The news agency said nearly half of 13 major US utility earnings transcripts it surveyed indicated that they had received inquiries from data centre companies for more than their peak demand or more than their existing generation capacity, including everything they supply to homes and businesses.
Power requirements
In response, utilities have announced billions in additional capital expenditures, with some doubling their five-year investment plans.
Utilities must weigh the risk of underestimating demand, and increasing the risk of outages, with the risk of overbuilding and leaving consumer rate-payers to pay for the costs.
Tech companies are approaching multiple power utility providers within the same state, or across several states seeking bids for the same project, inflating power demand projections, the report said.
Jon Gordon, a director at clean energy trade group Advanced Energy United, whose members include large energy users such as data centres, said utilities were seeing a “huge proposed influx” of “abstract projects”.
An energy management systems provider said that data centres typically seek bids from three companies in many markets, with one winning the bid and the other two dropping out.

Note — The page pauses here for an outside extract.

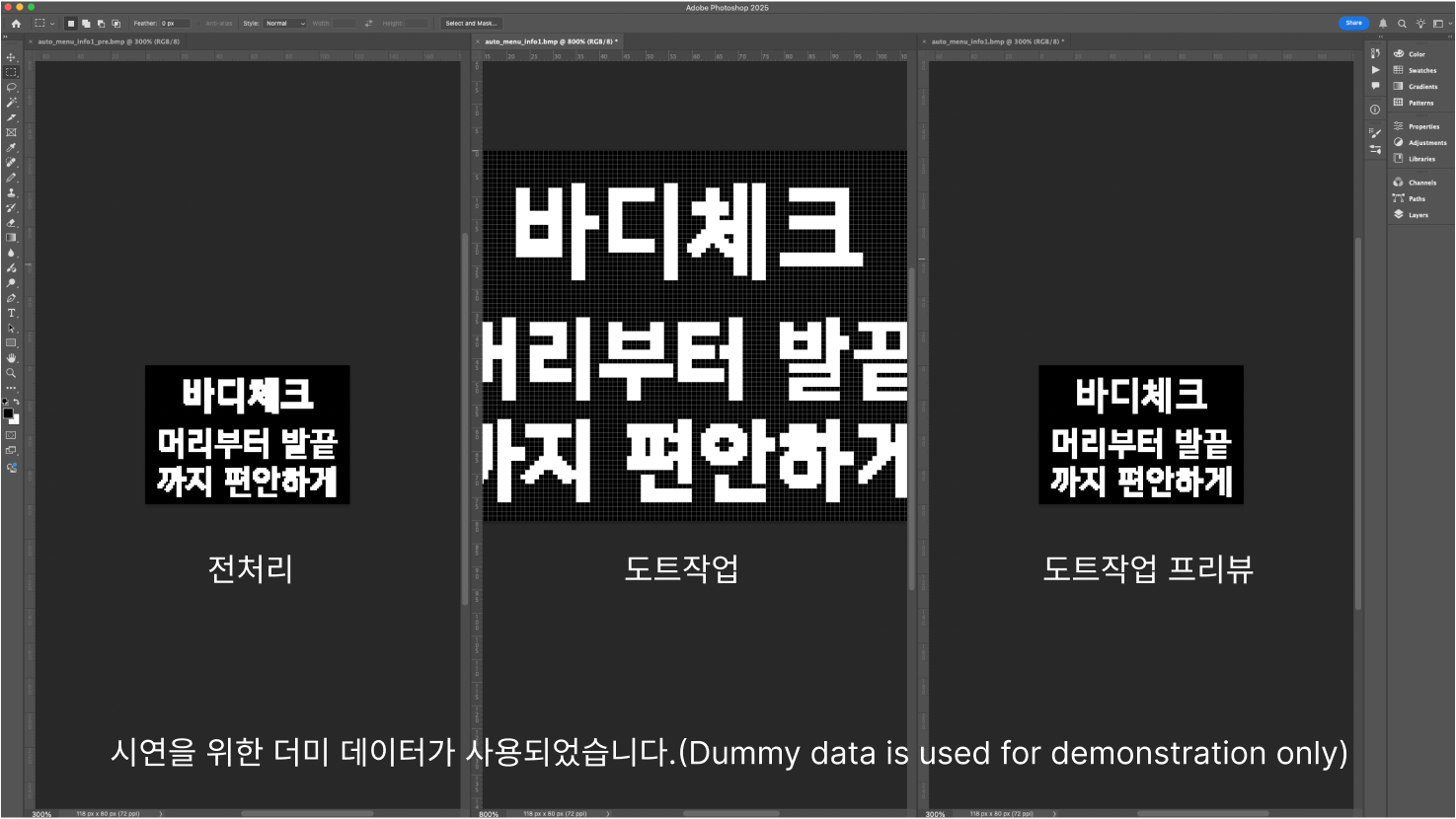 자동화(Batch)를 사용해 전처리 작업을 합니다. 비트맵 전환 시 획이 뭉치거나 사라지는 현상을 최소화하고 최종 산출과 유사한 형태의 도트 작업 이미지를 준비합니다.

Dallas-area utility Oncor Electric, a subsidiary of Texas-based Sempra, said it received a request to connect an additional 119 gigawatts, or nearly four times the peak power use on its system.
Allentown, Pennsylvania-based PPL said it had more than 50 GW of data centre requests, including at least 9 GW in advanced stages of development, compared to its current generation capacity of 7.2 GW.
Both companies said they only go forward with spending plans once they have concrete customer agreements in place.
Demand questions
Utility Evergy, serving Kansas and Missouri, said its pipeline of additional demand driven by data centres nearly doubled to more than 11 GW in late 2024, a level slightly over its projected maximum demand for 2025.
Pennsylvania is considering creating a clearinghouse for data centre power requests to clarify the process, a representative of the governor’s office told a recent industry panel.
Large tech companies have been planning tens of billions of dollars in data centre investments as they seek to create large customer bases around their AI offerings, but the speculative plans may be changed amidst industry and economic fluctuations.
Chinese AI start-up DeepSeek in January unveiled high-performance models that require a fraction of the computing power of rivals to train and operate, raising questions around tech giants’ capital expenditures.
Microsoft, which has announced AI capital expenditure plans worth $80bn for this year, has pulled back from 2 GW worth of data centre projects in the US and Europe in the past six months, TD Cowen analysts said in a recent note.